With higher proportions of unionized workers, B.C., Saskatchewan and Manitoba also have a large number of workers covered for benefits through health and welfare trusts. In February 2010, the government proposed changes to the Income Tax Act that may result in the creation of employee life and health trusts (IT-85R2) as a vehicle for group benefits coverage in Canada. This proposed structure contains a number of provisions, which would differ from the administrative practices set forth in IT-85R2. While the new rules would apply to trusts set up after April 1, 2009, it is not yet clear whether trusts set up per IT-85R2 will be required to convert to the new structure.

Bargaining Environment
The economic downturn of 2008 brought with it long-term implications for those working under collective agreements in the West.
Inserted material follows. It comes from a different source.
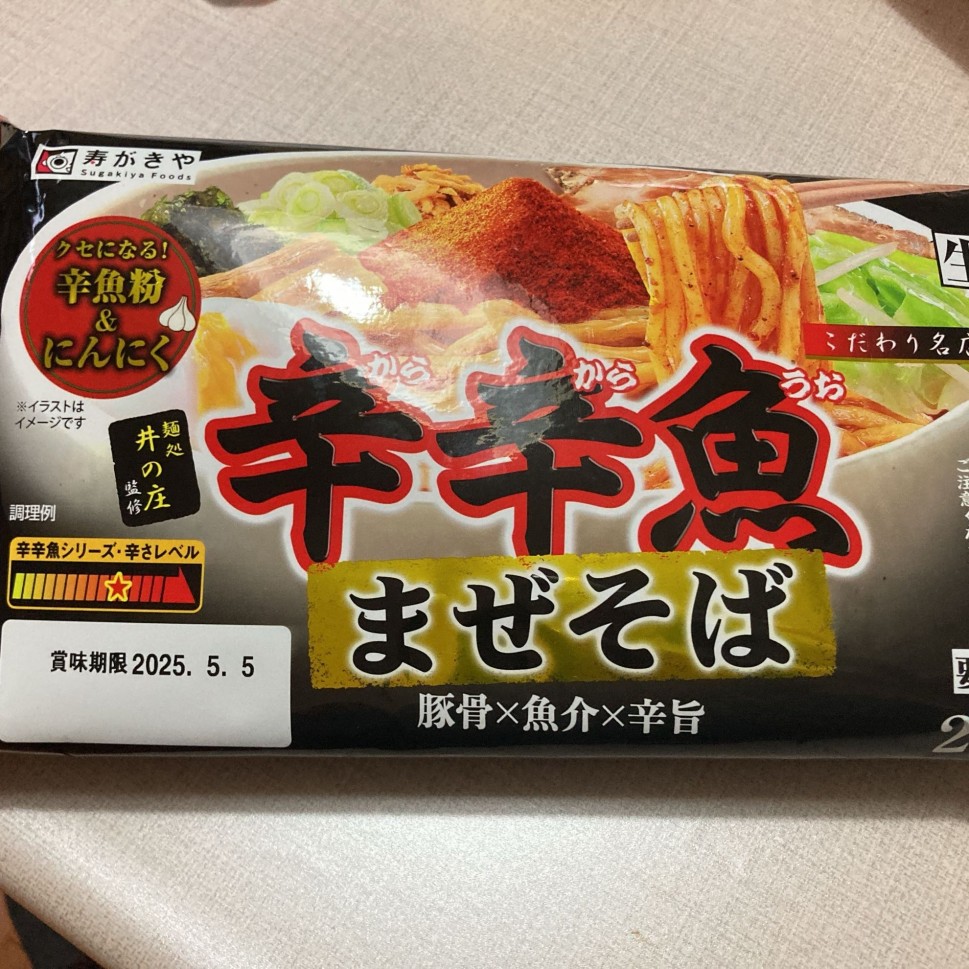辛辛魚のチルドまぜそば。麺もスープも美味しい!後入れの粉末スープ1袋全部入れて食べました。私的にはもっと辛くても嬉しいけど、商品としてはちょうどいい気がします。辛辛魚のチルド系どれも美味しい!

While the statistics indicate that the rate of recovery in the West has exceeded that in the rest of Canada, unemployment levels are still high relative to pre-2009 levels. For those at the bargaining table, this has resulted in a push for reduced wages and benefits from employers. Additionally, in B.C., there are an estimated 200,000 public sector workers who are covered by contracts that will expire by Dec. 31, 2010. The government has maintained that there will be no additional funding for wage increases as these agreements come up for renewal.

What Does it Mean?
For plans in western Canada, these mixed messages have created a dynamic in which both employers and plan members are in caution mode. Unlike the days of the energy boom where employees were pushing for improvements in perks and benefits, today’s plan members are focused on maintaining their current offerings. At the same time, the potential of lower costs due to generic pricing reform and an improving economic picture has shifted plan sponsors’ focus away from the need for benefits cuts.

Instead, the focus for plan sponsors has started to shift to a risk management approach toward group benefits. While the risks inherent in any group benefits plan are generally well known, sponsors are beginning to focus on digging deeper into plan data to manage those risks. Carriers’ enhanced reporting capabilities, combined with the increased market penetration of pay-direct cards, have spawned an entire industry dedicated to mining prescription drug spend data. In addition, sponsors are looking toward the link between the drug spend as a predictor of their disability claims experience. For those involved with disability claims management, more efforts are being made to collect data related to the operation of their disability plans. By implementing robust reporting processes around their sick leave and short-term absence programs, sponsors are beginning to develop an understanding of these once-silent periods of disability. In addition, for those plans with early intervention programs, sponsors are increasingly looking at involving their financial experts in the planning process to ensure that practical metrics are developed and tracked so that the elusive return on investment can be captured.

Implementation of this detailed analysis and monitoring of plans, combined with the economic backdrop in the West, has led sponsors away from making drastic cuts or improvements to their benefits programs. Instead, while the possibility of such changes might lie on the horizon, today’s sponsors are using this analysis to make intelligent tweaks to their programs in the hope of maximizing the financial gains while minimizing the impact to members.

Avinash Maniram is a group and healthcare consultant with PBI Actuarial Consultants Ltd. in Vancouver.